No pictures should appear. The lines from the beginning of the listing through the one holding "В MacBook Air" must be reproduced exactly, and nothing more.

Supplied data:
────────

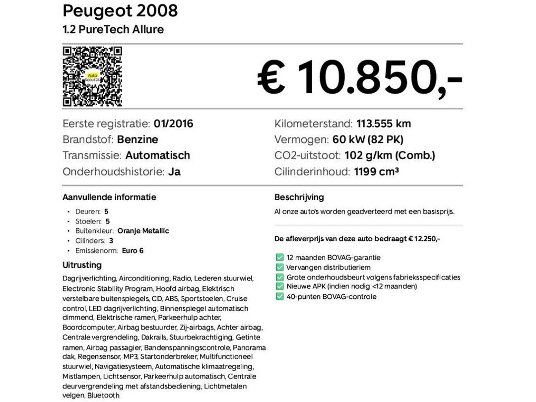 Deze Peugeot 2008 1.2 PureTech Allure Automaat is een nette, complete en comfortabele compacte SUV. Hij rijdt soepel dankzij de PureTech-benzinemotor en de automaat, en biedt prettig overzicht door zijn hogere zit. De auto is netjes uitgerust met o.a. leer en een trekhaak, waardoor hij zowel luxe als praktisch is. Een betrouwbare, zuinige en veelzijdige auto die perfect is voor dagelijks gebruik.
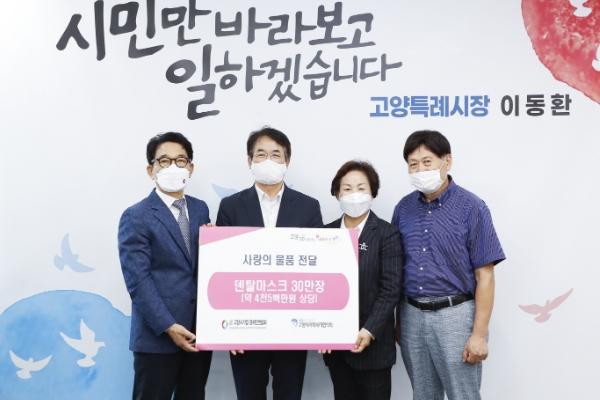 전달받은 약 4,500만원 상당의 덴탈마스크는 고양시사회복지협의회를 통해 관내 사회복지 시설 및 코로나19로 어려움을 겪는 소상공인에게 전달될 예정이다.
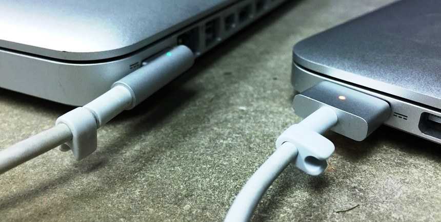 В MacBook Air встроен адаптер питания MagSafe на 45 Вт. С 2012 года он использовал адаптер стиля MagSafe 2. До этого — разъем стиля «L». Каждый MacBook Pro на 13 дюймов и 2,53 ГГц 15 дюймов выпуска 2009 года использует адаптер питания MagSafe 60 Вт.
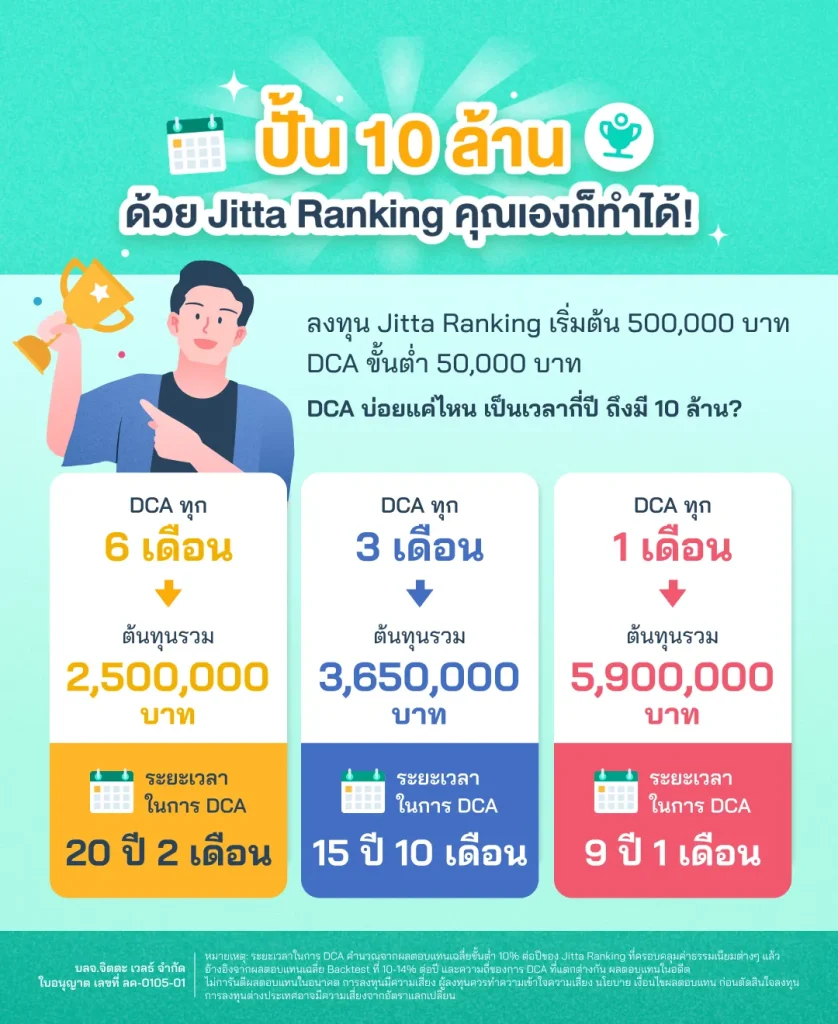 ระยะเวลาในการ DCA คำนวณจากผลตอบแทนเฉลี่ยขั้นต่ำ 10% ต่อปีของ Jitta Ranking ที่ครอบคลุมค่าธรรมเนียมต่างๆ แล้ว อ้างอิงจากผลตอบแทนเฉลี่ย Backtest ที่ 10-14% ต่อปี และความถี่ของการ DCA ที่แตกต่างกัน ผลตอบแทนในอดีต ไม่การันตีผลตอบแทนในอนาคต การลงทุนมีความเสี่ยง ผู้ลงทุนควรทำความเข้าใจความเสี่ยง นโยบาย เงื่อนไขผลตอบแทน ก่อนตัดสินใจลงทุน
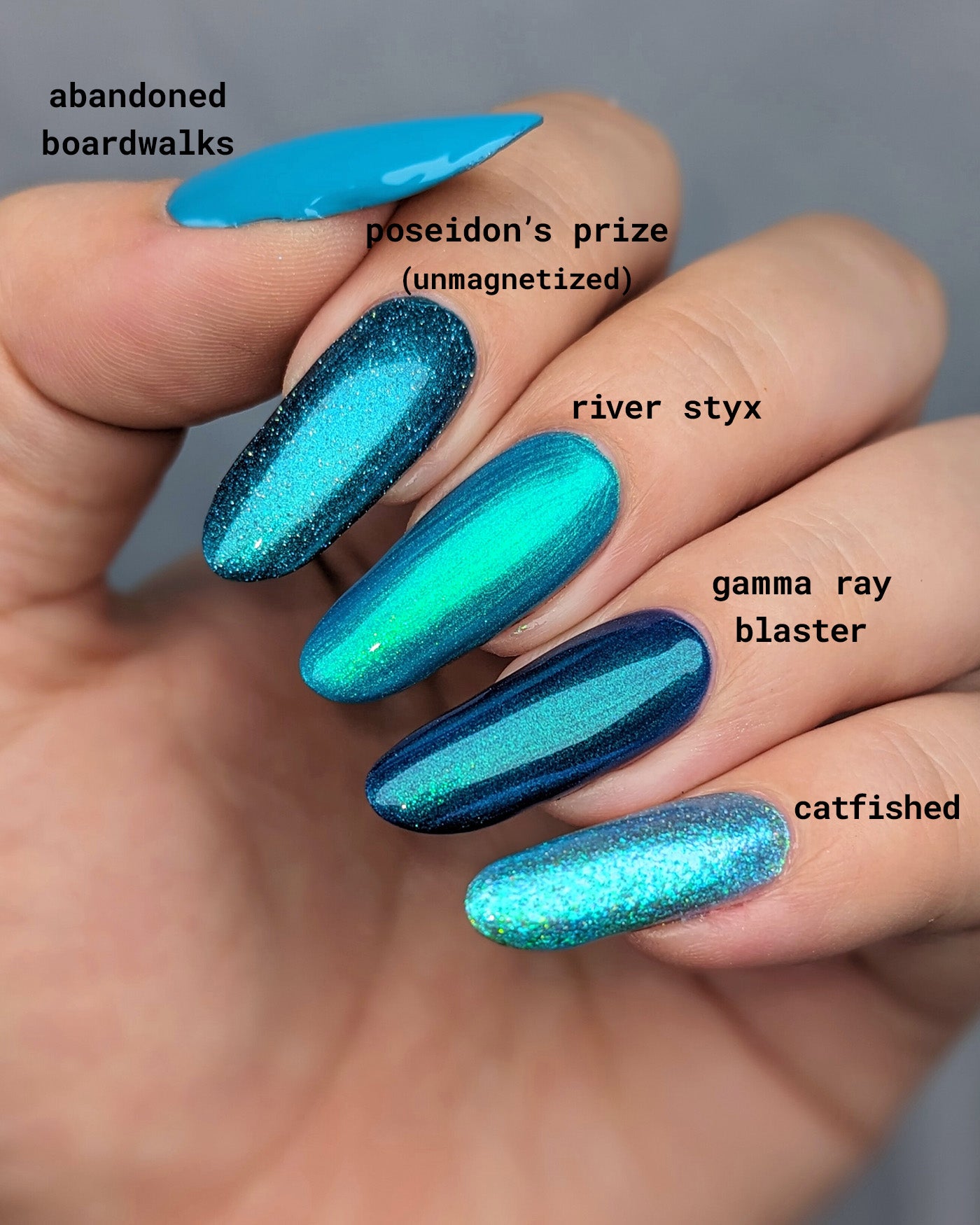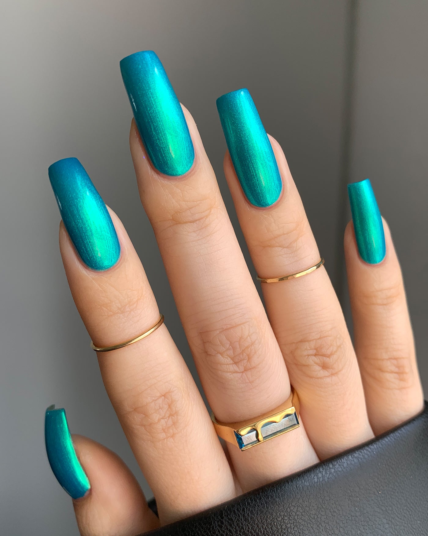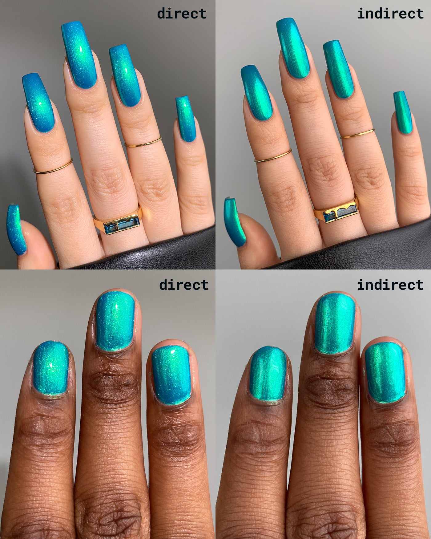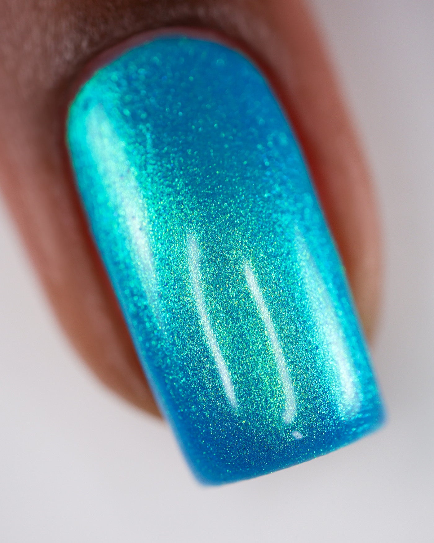If you're looking for a bright Teal color, this is definitely it. The formula is super smooth and the color leans much more teal in person with hints of a green shimmer at more extreme angles.

────────

Answer space:
 Deze Peugeot 2008 1.2 PureTech Allure Automaat is een nette, complete en comfortabele compacte SUV. Hij rijdt soepel dankzij de PureTech-benzinemotor en de automaat, en biedt prettig overzicht door zijn hogere zit. De auto is netjes uitgerust met o.a. leer en een trekhaak, waardoor hij zowel luxe als praktisch is. Een betrouwbare, zuinige en veelzijdige auto die perfect is voor dagelijks gebruik.
 전달받은 약 4,500만원 상당의 덴탈마스크는 고양시사회복지협의회를 통해 관내 사회복지 시설 및 코로나19로 어려움을 겪는 소상공인에게 전달될 예정이다.
 В MacBook Air встроен адаптер питания MagSafe на 45 Вт. С 2012 года он использовал адаптер стиля MagSafe 2. До этого — разъем стиля «L». Каждый MacBook Pro на 13 дюймов и 2,53 ГГц 15 дюймов выпуска 2009 года использует адаптер питания MagSafe 60 Вт.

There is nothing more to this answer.